* DATASET EXCERPT *
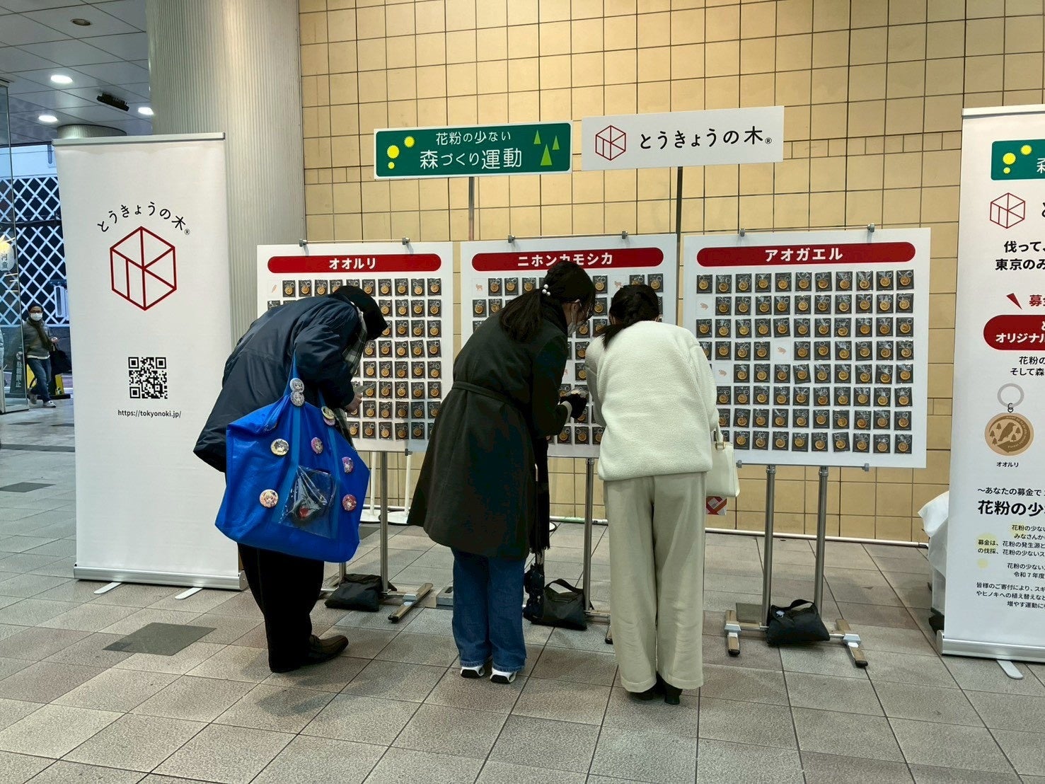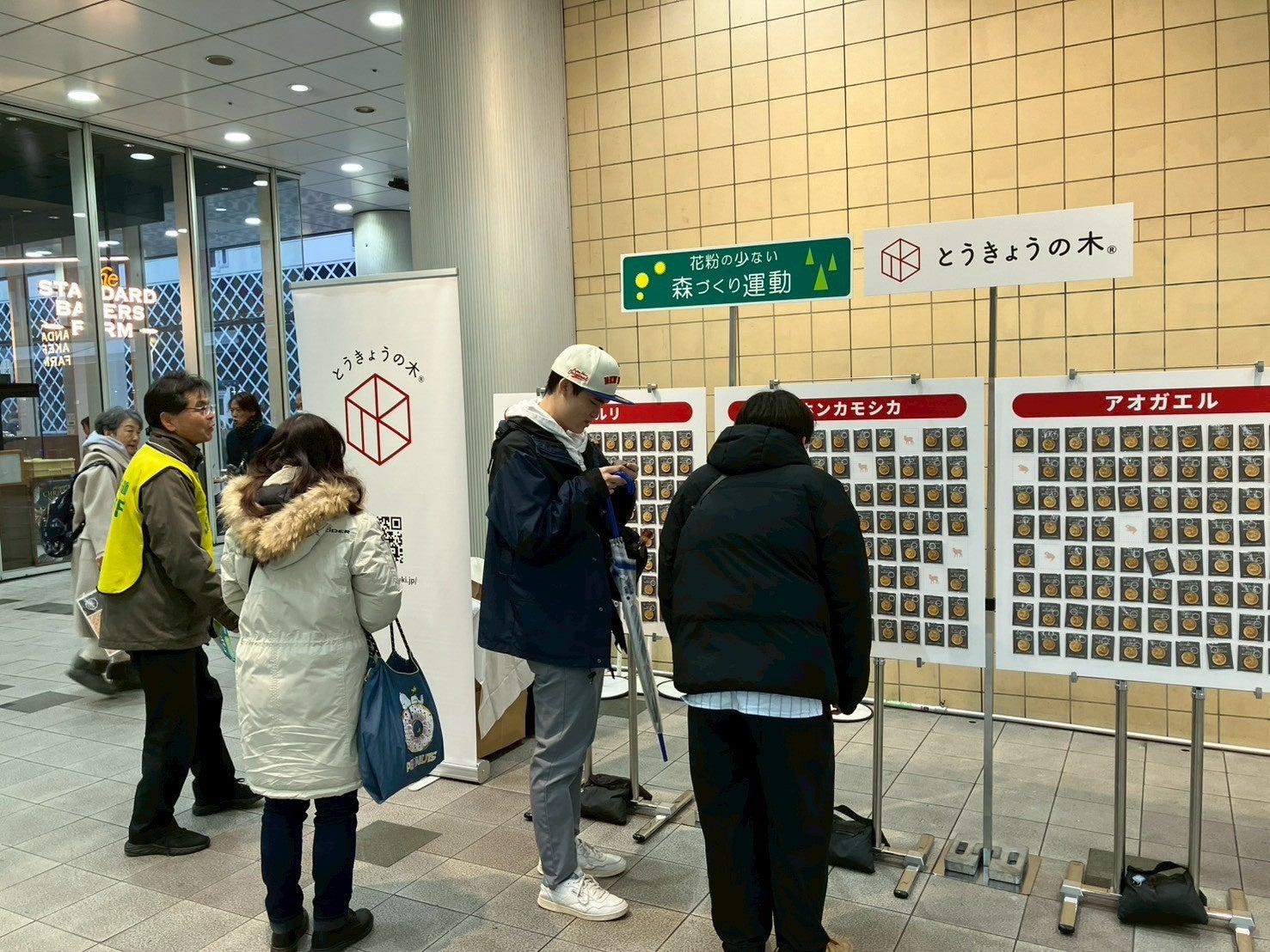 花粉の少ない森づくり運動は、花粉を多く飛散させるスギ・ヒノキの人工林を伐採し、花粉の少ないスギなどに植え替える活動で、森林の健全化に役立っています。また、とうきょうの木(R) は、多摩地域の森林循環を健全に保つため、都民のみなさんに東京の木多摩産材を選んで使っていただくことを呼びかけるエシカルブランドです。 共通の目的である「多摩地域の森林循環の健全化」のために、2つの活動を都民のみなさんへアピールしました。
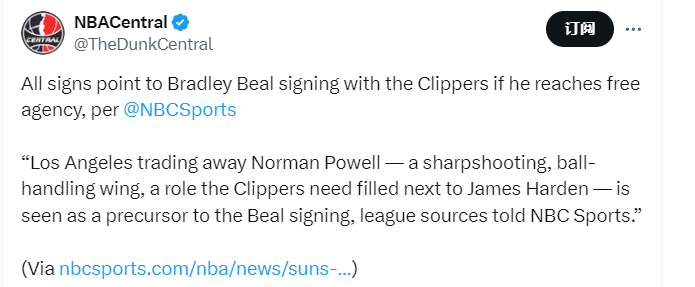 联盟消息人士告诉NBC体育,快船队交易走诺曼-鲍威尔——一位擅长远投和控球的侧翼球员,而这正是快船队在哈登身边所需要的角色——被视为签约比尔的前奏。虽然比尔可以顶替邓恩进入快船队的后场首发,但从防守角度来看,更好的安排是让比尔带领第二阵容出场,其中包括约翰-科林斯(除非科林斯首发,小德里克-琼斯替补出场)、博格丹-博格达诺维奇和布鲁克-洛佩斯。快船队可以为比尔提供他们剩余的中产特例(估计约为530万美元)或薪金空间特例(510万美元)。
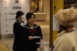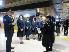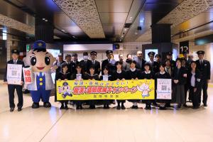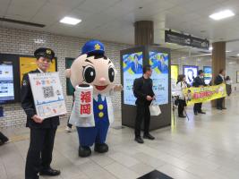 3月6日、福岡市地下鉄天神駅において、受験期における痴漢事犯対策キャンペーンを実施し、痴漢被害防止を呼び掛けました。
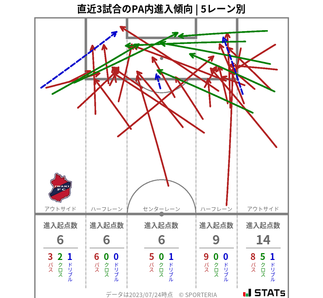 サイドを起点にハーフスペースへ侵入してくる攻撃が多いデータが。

* REQUIRED WORK *
All of the data should come back exactly as written, but without pictures.

* EXERCISE ANSWER *
 花粉の少ない森づくり運動は、花粉を多く飛散させるスギ・ヒノキの人工林を伐採し、花粉の少ないスギなどに植え替える活動で、森林の健全化に役立っています。また、とうきょうの木(R) は、多摩地域の森林循環を健全に保つため、都民のみなさんに東京の木多摩産材を選んで使っていただくことを呼びかけるエシカルブランドです。 共通の目的である「多摩地域の森林循環の健全化」のために、2つの活動を都民のみなさんへアピールしました。
 联盟消息人士告诉NBC体育,快船队交易走诺曼-鲍威尔——一位擅长远投和控球的侧翼球员,而这正是快船队在哈登身边所需要的角色——被视为签约比尔的前奏。虽然比尔可以顶替邓恩进入快船队的后场首发,但从防守角度来看,更好的安排是让比尔带领第二阵容出场,其中包括约翰-科林斯(除非科林斯首发,小德里克-琼斯替补出场)、博格丹-博格达诺维奇和布鲁克-洛佩斯。快船队可以为比尔提供他们剩余的中产特例(估计约为530万美元)或薪金空间特例(510万美元)。
 3月6日、福岡市地下鉄天神駅において、受験期における痴漢事犯対策キャンペーンを実施し、痴漢被害防止を呼び掛けました。
 サイドを起点にハーフスペースへ侵入してくる攻撃が多いデータが。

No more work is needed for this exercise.